TASK INSTRUCTIONS
Among the lines below, the one containing "18kt Two-tone gold" opens the range and the one containing "Introducing our Made" closes it. Print that range exactly, without the pictures.

(RECORDS SUPPLIED Opens)

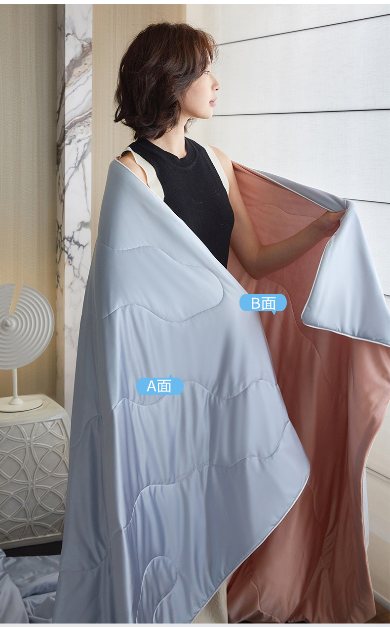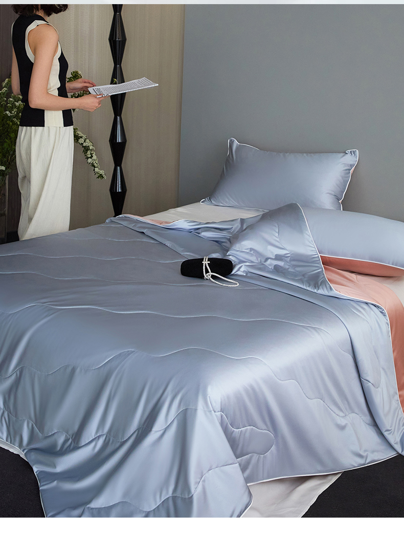 头等舱 2025新款水光缎冰肌锦氨A类55植物大豆7A抗菌夏被配包装模特图 水光兰配水光粉
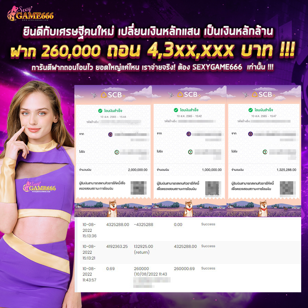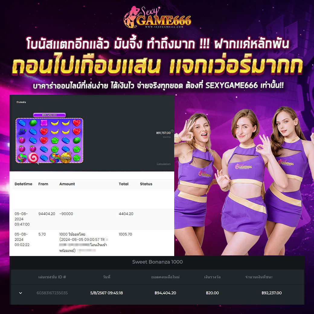 เซ็กซี่บาคาร่า SEXYGAME666.COM บาคาร่า คาสิโนออนไลน์รายใหญ่ที่สุด ฝาก-ถอนออโต้ พนันออนไลน์ อันดับหนึ่ง ให้บริการ คาสิโนออนไลน์ เราให้บริการด้านการเดิมพันแบบครบวงจรตลอด 24ชม.
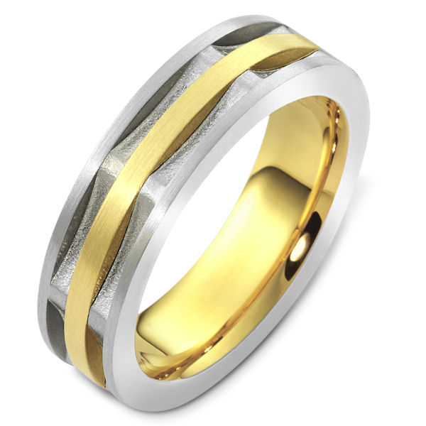 18kt Two-tone gold contemporary, comfort fit, 6.5mm wide wedding band. The ring has a mix of matte and sandblast finish. In the grooves, the ring has a sandblast finish. The rest is matte. It is 6.5mm wide and comfort fit.
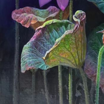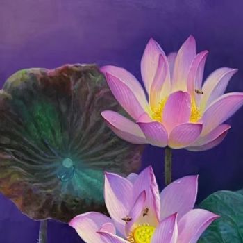 • 和和美美和气生财纯手绘荷花写实风景油画精品花卉油画
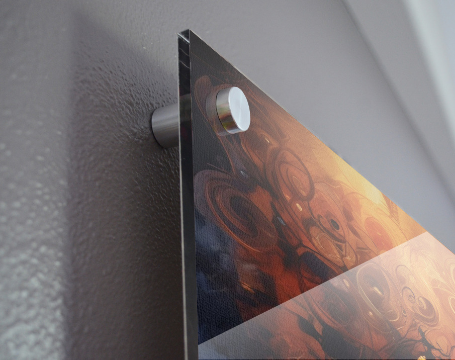 Printed to the edge - Ready to hang - provided with 4 premium polished aluminum stand off ( wall screws and mounting hardware provided )
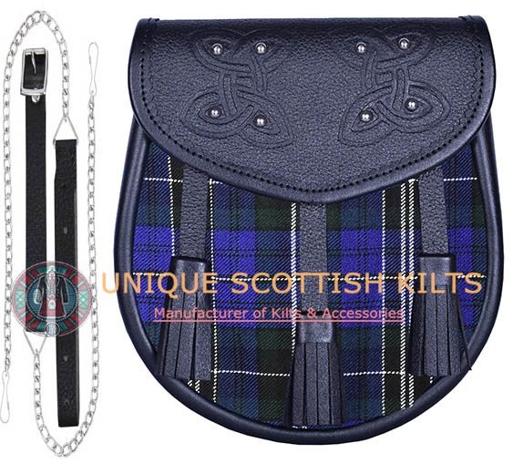 Introducing our Made to Order Scottish Clan Sporran, designed to showcase your clan pride at an affordable price. This black leather sporran features the Clan Tartan on the front, adorned with three matching leather tassels. Whether for formal or informal occasions, this semi dress sporran is a stylish choice. Crafted to the highest manufacturing standards, our range of sporrans, including budget, economy, and premium options, ensures both value and durability. Show your clan pride with this customizable and budget-friendly sporra
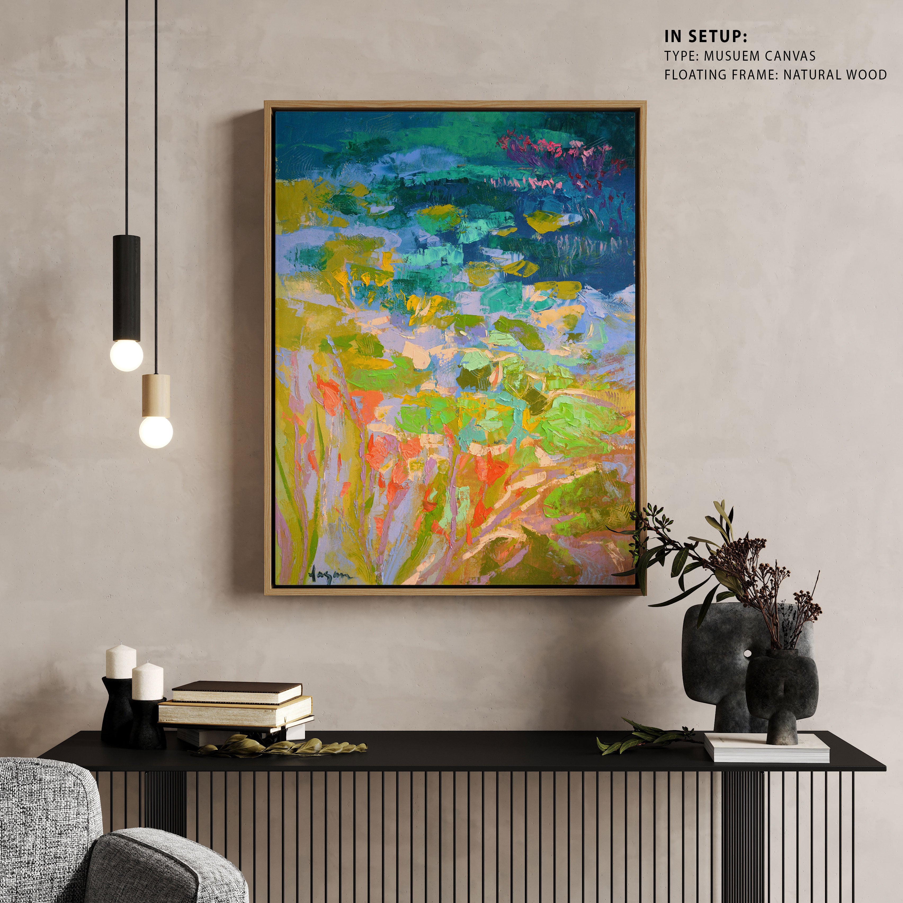 Vibrant Water Lilies, Abstract Painting from the Abstract Paintings Print Collection is produced on Premium Museum Grade Canvas and Hahnemuhle Fine Art Media. This product is made with matte finish and premium quality with vibrant colors. These Abstract Art Paintings are produced with the most extreme shading precision and using the most advanced giclee printing technique in the world. We use the same standard that the various museums and art galleries use across the globe to recreate the Abstract Canvas Paintings. These Abstract Paintings are perfect for you if you're an Art Lover or if you want to add a Modern, Stylish or Positive Look to your space. The vibrancy of colors and the unique detailing of every Abstract Paintings Print makes them the best in so many ways. These Abstract Paintings will add charm to any room in your home. This Beautiful Abstract Canvas Painting Artwork can be the perfect gift to your friends, colleagues or family as they sync in very well in your Bedroom, living room, lobby, Balcony etc.
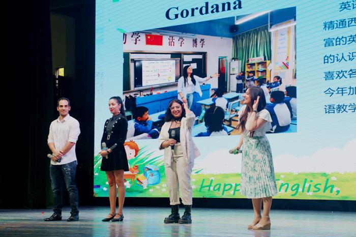 表演結(jié)束后,深受學(xué)生喜愛的Jerry、Zoe、Hafsa、Gordana四位外教老師上臺與同學(xué)們互動,他們熱情地打招呼,現(xiàn)場歡呼聲不斷。在外教老師的帶領(lǐng)下,全體師生演唱英語歌曲“Na Na Na”,合著音樂的節(jié)奏,臺下同學(xué)們熱情高漲,或擊打節(jié)拍,或揮舞手臂,現(xiàn)場的氣氛被點(diǎn)燃。

(RECORDS SUPPLIED Closes)

RESPONSE TO THE EXERCISE
 18kt Two-tone gold contemporary, comfort fit, 6.5mm wide wedding band. The ring has a mix of matte and sandblast finish. In the grooves, the ring has a sandblast finish. The rest is matte. It is 6.5mm wide and comfort fit.
 • 和和美美和气生财纯手绘荷花写实风景油画精品花卉油画
 Printed to the edge - Ready to hang - provided with 4 premium polished aluminum stand off ( wall screws and mounting hardware provided )
 Introducing our Made to Order Scottish Clan Sporran, designed to showcase your clan pride at an affordable price. This black leather sporran features the Clan Tartan on the front, adorned with three matching leather tassels. Whether for formal or informal occasions, this semi dress sporran is a stylish choice. Crafted to the highest manufacturing standards, our range of sporrans, including budget, economy, and premium options, ensures both value and durability. Show your clan pride with this customizable and budget-friendly sporra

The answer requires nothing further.